El beso de despedida la noche antes de la operación, tímido y dulce, hambriento y largo; su silencio, sabiendo que era quizás el último. Y el breve estallido de fe muy temprano la mañana siguiente, porque era un día hermoso y limpio y apenas podía contener mi corazón la alegría de guardarte ahí protegido, como si acabara de despertar a la certidumbre del amor entre nosotros.

Ahora, cuidando de ese mismo cuerpo tuyo, frágil, herido pero sanando, el cuerpo que has entregado a mi desvelo con la misma franqueza con que me lo has entregado en el deseo, el tiempo se abre moroso como una puerta al futuro en la que apenas me atrevo a creer, y me abismo en su presente en la corriente densa y lenta de una nueva ternura. Tu cuerpo, que me ha dado tanta alegría y tanto placer, vuelve al cauce de los recónditos procesos de la vida, y en la vida, sigo amando a este pájaro trémulo y extraño que despierta en nuestras manos. Quiénes seremos tras cruzar el limbo de esta sofocada primavera sin apenas flores es una interrogante ociosa que no tenemos fuerza para contemplar. O una ventana. Ahí el renovado campo florido, no en las calles que circunscriben el hospital y tu casa, sino adentro: en el corazón, justamente. 

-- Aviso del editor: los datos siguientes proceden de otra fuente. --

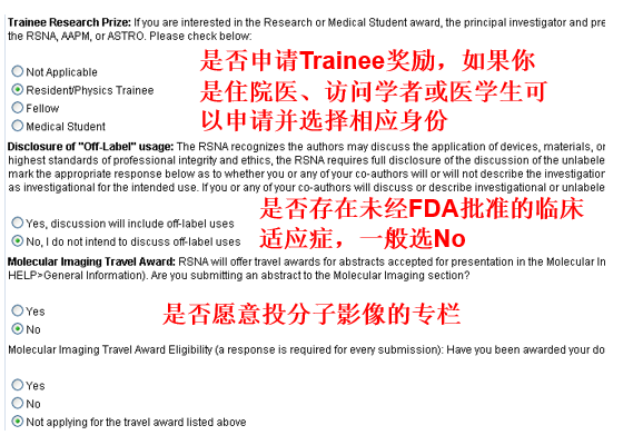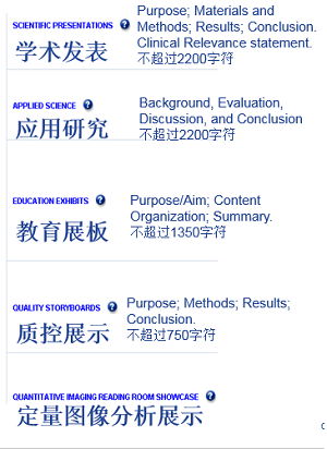 3、选择递交类型 点击您要递交的类型,RSNA 2016较之以往类型更多,可根据自己的需要投稿。通常会选择学术发表和教育展板两种类型。当然,根据自己的实际情况亦可选择其他类型。各版块的相关信息如下:
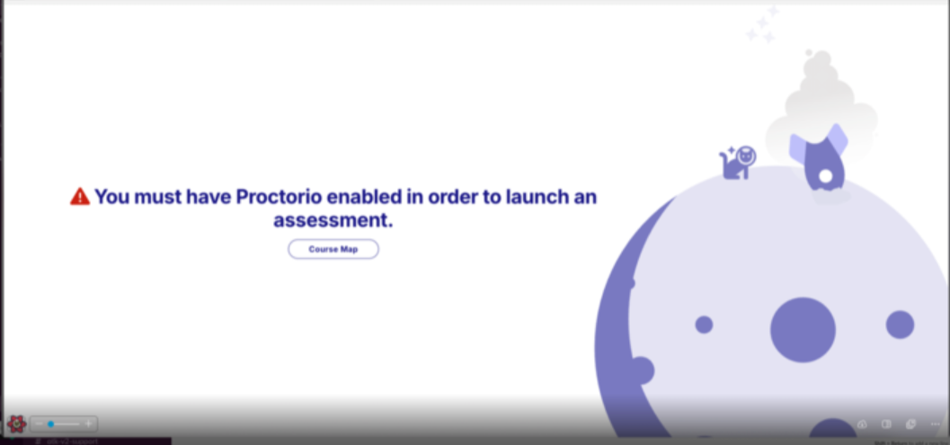 The student will see an alert stating "You must have Proctorio enabled in order to launch an assessment." |
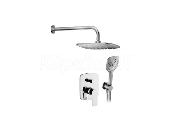 Šesťdielny sprchový set Classic s podomietkovou batériou. Vo vyhotovení lesklý chróm. kartuša batérie (priemer, materiál): 35 mm, keramická, kompaktná – nie je určená pre R-Box rozmer hlavovej sprchy: 250 x 250 mm farebné vyhotovenie: CR: chróm lesklý vyhotovenie hlavovej sprchy: funkcia Air priemer ručnej sprchy: 120 mm vyhotovenie ručnej sprchy: 3 funkcie prietoku vody - Rain, Jet, Rain + Jet systém čistenia trysiek sprch: EasyClean - pre odstránenie vodného kameňa dĺžka sprchovej hadice: 200 cm materiál hadice: kovová s antibakteriálnou ochrannou vrstvou z odolného plastu funkcia hadice: EasyTwist - umožňuje voľné pretáčanie ručnej sprchy, a tým zabraňuje prekrúteniu hadice Podomietková batéria s prepínačom sa postará o prepínanie prietoku vody medzi hlavovou a ručnou sprchou. Vývod vody do hlavovej sprchy je vedený cez výtokové rameno. Hlavová sprcha disponuje funkciou Air, ktorá umožňuje prisávanie vzduchu do sprchy. Vďaka tomu možno dosiahnuť príjemnejší pocit z dopadu vody na pokožku a zároveň k jej úspore. Voda do sprchovej hadice a ručnej sprchy prietoki cez držiak ručnej sprchy. Ručná sprcha je vybavená tromi režimami prietoku vody. Režim Prietoku Rain pripomína letný dážď a pôsobí na upokojenie pokožky. Pomocou režimu Jet dosiahnete silný prietok zo stredu sprchy, ktorý intenzívne prekrví pokožku. Vhodný je aj pre čistenie menej dostupných miest v kúpeľni. Tretí režim ponúka kombináciu oboch týchto režimov. Funkcia EasyClean umožňuje jednoduché odstránenie vodného kameňa z trysiek hlavovej i ručnej sprchy. Sprchový podomietkový set obsahuje: CL 061.00CR.O2 Podomietková batéria s prepínačom 983.00CR Hlavová sprcha ABS štvorcová, chróm 702.00CR Výtokové rameno bočné 958.00CR Ručná sprcha, 3 funkcie 706.00CR Držiak ručnej sprchy s vývodom, chróm 915.02CR Sprchová hadica

Ahí donde esperan esos durmientes que nos guardan, en ese espacio de inalterada quietud donde el tiempo, tal y como dices, es simultáneo y continuo, seguimos sentados en aquella banca bajo un sol oblicuo de invierno, preguntándonos sobre su realidad. 

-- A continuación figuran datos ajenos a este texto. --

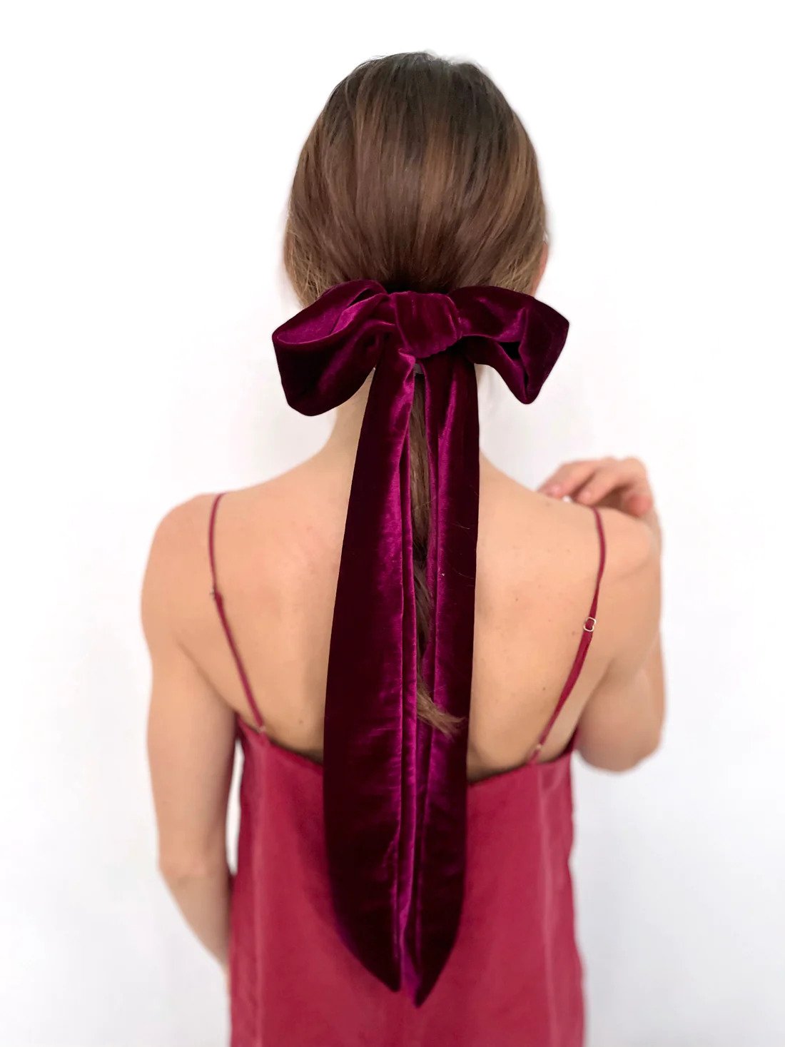Sametist juukselips - Burgundy Velvet Bow Barrette Maxi
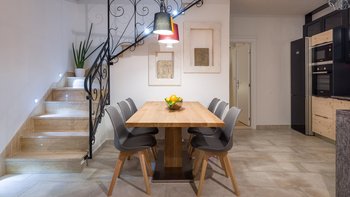 Die Villa Violet ist ein traditionelles Steingebäude mit modernen Elementen und verbindet mühelos Altes und Neuem. Der Wohn- und Essbereich ist geräumig und offen gestaltet und gleichzeitig komfortabel und gemütlich. Ein Ecksofa lädt zum Entspannen abseits der Mittagssonne ein und eine stilvolle Küche bietet einen Indoor-Essbereich. Drei charmante Schlafzimmer verfügen jeweils über ein Duschbad en suite; das Doppelhaus im Erdgeschoss hat auch direkten Zugang zur Poolterrasse.

Es un espejo, desde acá, sentados en otras bancas, señalando las flores que aún se nos ofrecen en alguno de los parques y jardines que rodean tu casa, amoldándonos a la lentitud nueva de nuestra conversación y sus silencios, aquilatando que estás vivo, que podrías no estarlo más, mirando el mundo, interrogando lo que en él somos. Al paso de los días caen las últimas flores pero queda el verdor renovado y fulgurante, como hoy: la ciudad luminosa y limpia tras la tormenta que nos despertó a mitad de la noche y volvió a arrullarnos en su violencia, el poderío del trueno y de la lluvia. 

El árbol de corteza roja frente a tu ventana se acerca más cada día con la gentil inclinación de una de sus ramas. Cada día es más abundante su follaje: sombra de día y, por la noche, el oscuro fulgor de sus hojas lustrosas, salpicado de diminutas flores blancas. 

Tomados de la mano (tu mano grande y fuerte), acunando en silencio ese breve reino de placer y alegría que fue nuestro y al que esperamos volver, aunque cambiados, la realidad irrefutable de los días nos dice en su transparencia que llegará el momento en que comprenderemos la hondura y la humana grandeza de los que somos hoy, completamente inermes ante lo que llamamos destino. Entonces añoraremos también estos días, que serán ya pasado.